Segment Start: Provided entries
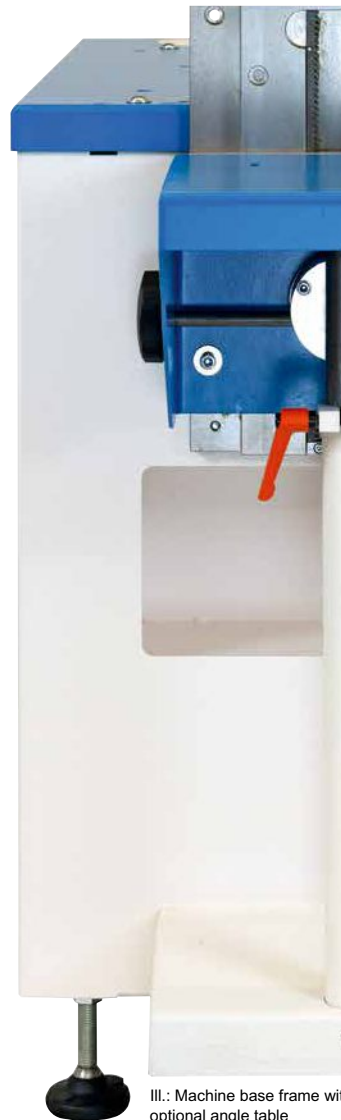
Ill.: Machine base frame with optional angle table
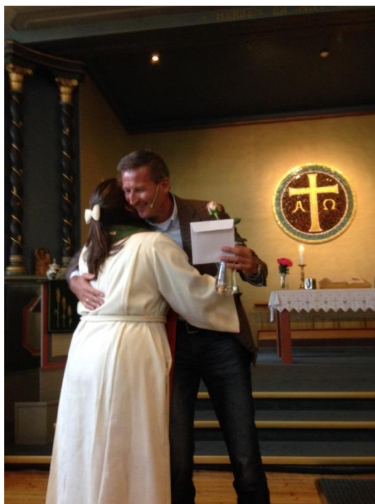
En god avskjed fra formann i eldsterådet

- Jeg skal preke i Vestre den 1. november, og kommer gjerne og preker av og til. Forrige uke var jeg på besøk i Bærum og prekte og jeg er fremdeles med i styrer og råd for Frikirken. Så selv om dere ikke ser meg så mye som før, holder jeg på i kulissene. Så kommer nok gudstjenesteabstinensene snart.
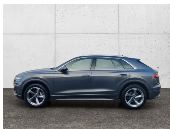
Audi Gebrauchtwagen plus
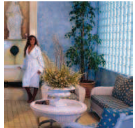
EL PALASIE &gt; Foto: D.R.
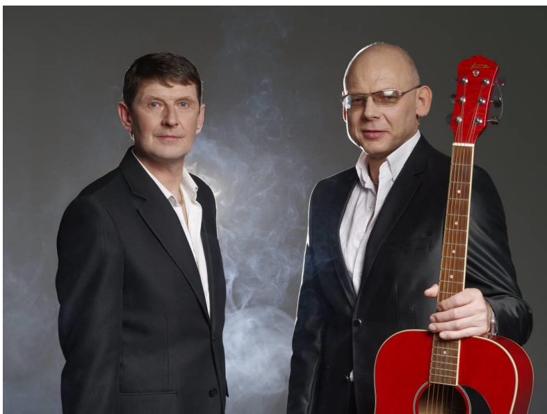
Grupa “Tērvete”

Plkst. 23:00 svinības turpināsies Simtgades Zaļumballē Jaunpils parka estrādē, kurā spēlēs grupa “Tērvete”, darbosies kafejnīca un būs arī citas izklaides.
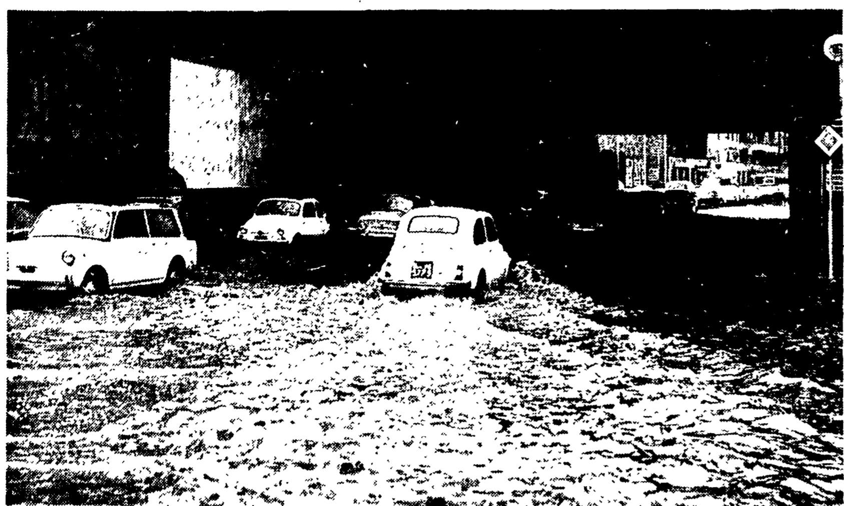
Un tratto della via Tuscolana allagato ieri mattina: le macchine transilano a fatica. Molte, in altre zone della città, sono rimaste bloccate, ed il traffico è piombato nel caos.
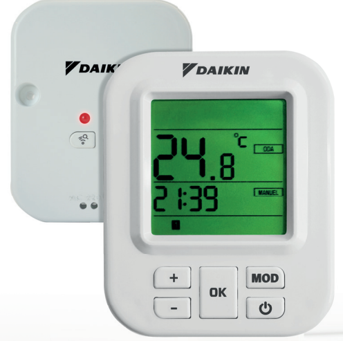
Kablosuz Otomatik Kontrol Cihazı
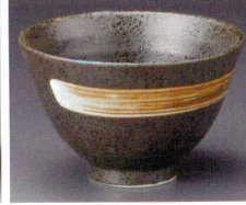
63317-121 白刷毛天目茶漬碗 880円 (12.8×8.8cm)
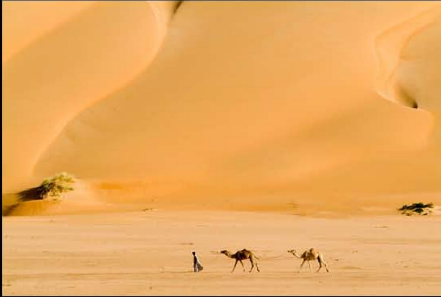
Maurit, Adrar, Amatlich, 052
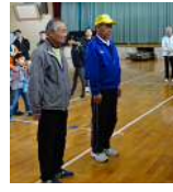
3位：上千歳町 A チーム

11月18日(日)鍋屋田小学校体育館に於いて、10町17チームの登録選手70名と、子供たちやご家族等の応援団含めて約100名の参加で実施されました。今回は子供達や女性の参加が増え世代間の交流も定着して、ベテラン選手とのフルセットの大熱戦を繰り広げ大いに盛り上がりました。優勝は上千歳町Bチーム、準優勝は緑町チーム、3位は上千歳町Aチームとなりました。次回も老若男女問わずより多くのチームの参加をお願いします。
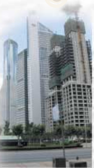
建設ラッシュが進む上海

ばかりではなく、サービス業の対中投資も進み、さらに中国が輸入する際の関税も引き下げられることから、今後は中国が「世界の市場」になっていくことも考えられます。 中国経済の制約要因 一般に発展途上国が成長を続ける過程で、労働者が不足して賃金があがり、労働集約産業から技術・資本集約産業に転換せざるを得ない局面が生じ、その転換がうまくいけばさらなる経済発展が期待できるとされています。しかし、中国では現在、労働集約産業と先端的な技術集約産業が同時に発展しているのです。中国の農村には膨大な余剰労働力があ
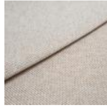
Pop CS 16 White beach 1027316
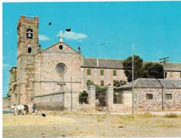
8. Trilla de Almagro . 1966
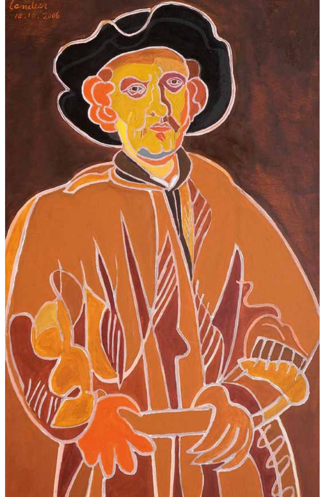
Rembrandt 1652 Vienne huile de Landier 2012 130 x 89 cm
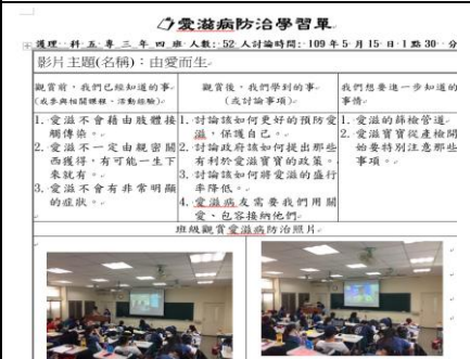
3-6 觀賞愛滋影片並完成學習單
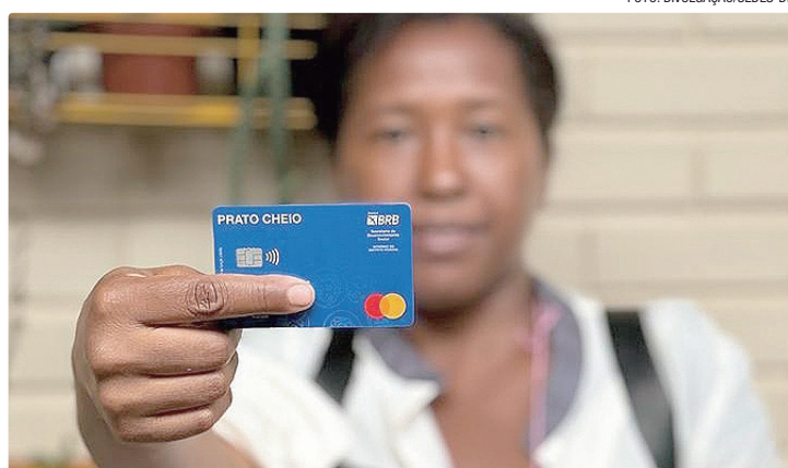
Os novos beneficiários têm até dois meses para retirar o cartão no BRB

Para verificar se foi contemplado, o local para retirada do novo cartão, ou se voltou a participar do programa Prato Cheio, o beneficiário deve acessar o site do GDF Social. As pessoas que estão retor-
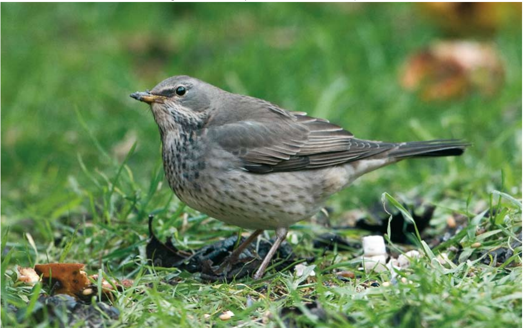
179 Black-throated Thrush / Zwartkeellijster Turdus atrogularis , female, Newholm, Whitby, North Yorkshire, England, 17 January 2010
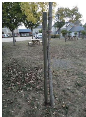
Jeune arbre tuteuré (Terranjou)
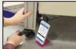
1人で測定しながら作業可能
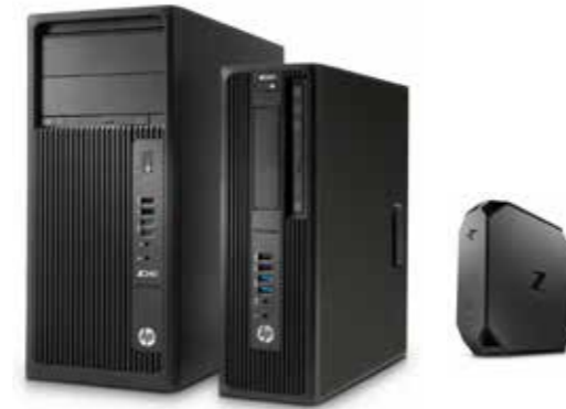
HP Z Desktop Workstation
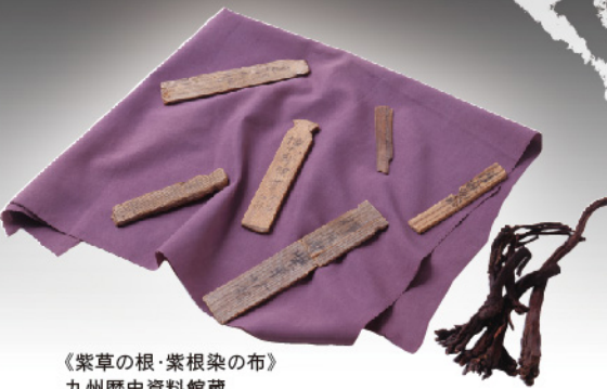
《紫草の根・紫根染の布》 九州歴史資料館蔵 ※木簡はイメージです。
Segment End: Provided entries
= Your goal =
Above are the entries; copy out every line among them that contains the word "Tērvete".

= Output of the task =
Grupa “Tērvete”
Plkst. 23:00 svinības turpināsies Simtgades Zaļumballē Jaunpils parka estrādē, kurā spēlēs grupa “Tērvete”, darbosies kafejnīca un būs arī citas izklaides.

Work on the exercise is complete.